Citation: Journal of Clinical Exercise Physiology 10, 4; 10.31189/2165-6193-10.4.160
The inclusion criteria refer to the defined intervention or treatment population (P) (e.g., type 2 diabetes), the intervention or treatment (I) (e.g., aerobic exercise), the comparison group (C) against which the population of interest (P) is compared (e.g., placebo, control, or usual care groups), and the outcome measures (O) (e.g., fasting blood glucose levels). Together these variables are commonly referred to as the PICO (Population, Intervention, Comparator, and Outcomes), and in addition to the type of study design, which is often limited to RCTs, the PICO elements collectively form the inclusion criteria.
The exclusion criteria also must be defined. These, like the inclusion criteria, are at the scientist's discretion but must be clearly stated and defined. For example, a study involving type 2 diabetes would exclude type 1 and gestational diabetes and would also exclude animal studies if we only want to include humans. And the age range might exclude studies of people under 18 years if the focus is upon adults)
To provide more perspective to the information presented in Box 1, the background to the question is an ongoing debate as to whether exercise training can increase survival time in people with heart failure. It is known that those with heart failure have a high annual mortality rate (1). Until the 1980s the advice often provided to people with heart failure was for “bed rest” as physical stress was considered a risk (2). Early clinical trials in the 1980s and 1990s (3,4) quickly illustrated that exercise was actually beneficial in terms of improving cardiorespiratory fitness levels (peak Vo2). Later, the ExTraMATCH (5) study performed a meta-analysis combining many of those early clinical trials that showed people with heart failure and higher peak Vo2 values had longer survival times. Today peak Vo2 is often used as a surrogate measure of survival time in people with heart failure, particularly those being evaluated for advanced treatments (i.e., heart transplant or left ventricular assist device) (6).
The following is an illustration of the principles of meta-analysis using selected publications of RCTs of exercise training in cardiac rehabilitation in those with heart failure. When data from all the included studies was pooled, the mean difference in peak Vo2 was different in the high-intensity versus low-intensity trained groups. The change in peak Vo2 is presented in Figure 2, where the higher exercise intensity is associated with greater changes in peak Vo2 than with lower intensity exercise (7). The meta-analysis, therefore, suggests that those people with heart failure undertaking a cardiac rehabilitation program with an exercise component that uses high-intensity activities are more likely to improve their fitness by a greater amount than with low-intensity exercise training.

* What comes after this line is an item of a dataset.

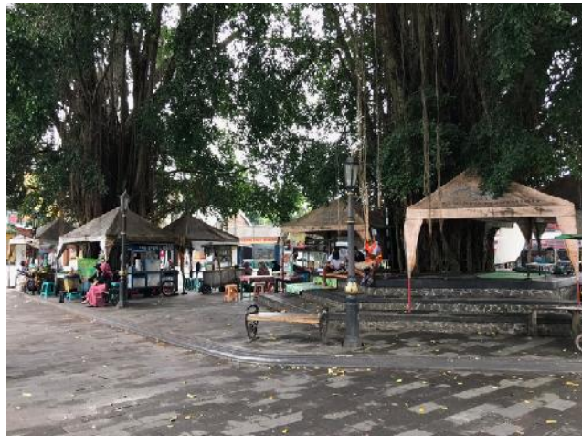
Area Pedagang Makanan di Candi Mendut.

Citation: Journal of Clinical Exercise Physiology 10, 4; 10.31189/2165-6193-10.4.160
GROUP-LEVEL VERSUS INDIVIDUAL PATIENT-LEVEL META-ANALYSES
Note that meta-analyses are almost always based upon group-level data and not from individual subject-level data. Thus, the mean difference values for data are taken for the intervention group (e.g., high-intensity exercise group) and these are compared to mean values for the control group (e.g., low-intensity exercise group). This type of meta-analysis is most commonly encountered in the published literature, and statisticians often refer to it as a group-level meta-analysis as opposed to an individual patient data meta-analysis that requires included study authors to provide their original datasets with each patient's individual data.
Typically results from a meta-analysis are not often presented in bar graph format. More often results of a group-level meta-analysis are presented in a graph called a forest plot (Figure 3). Figure 4 explains the constituent components of the graphical component of the forest plot.



Citation: Journal of Clinical Exercise Physiology 10, 4; 10.31189/2165-6193-10.4.160



Citation: Journal of Clinical Exercise Physiology 10, 4; 10.31189/2165-6193-10.4.160
Figure 5 contains hypothetical data for the postexercise training program change in a blood marker of heart failure severity called brain natriuretic peptide (BNP), which is released when the myocardium is stretched. BNP is usually higher (which is unfavorable) in people who have heart failure versus those who do not. We can see below that BNP is changed by a mean value (difference) of −79.20 pg·mL−1 (which is a favorable outcome) after exercise training in people with heart failure because the P value is less than 0.05 (5% level of significance) that is traditionally used. The following paragraphs examine in detail the aspects of forest plot.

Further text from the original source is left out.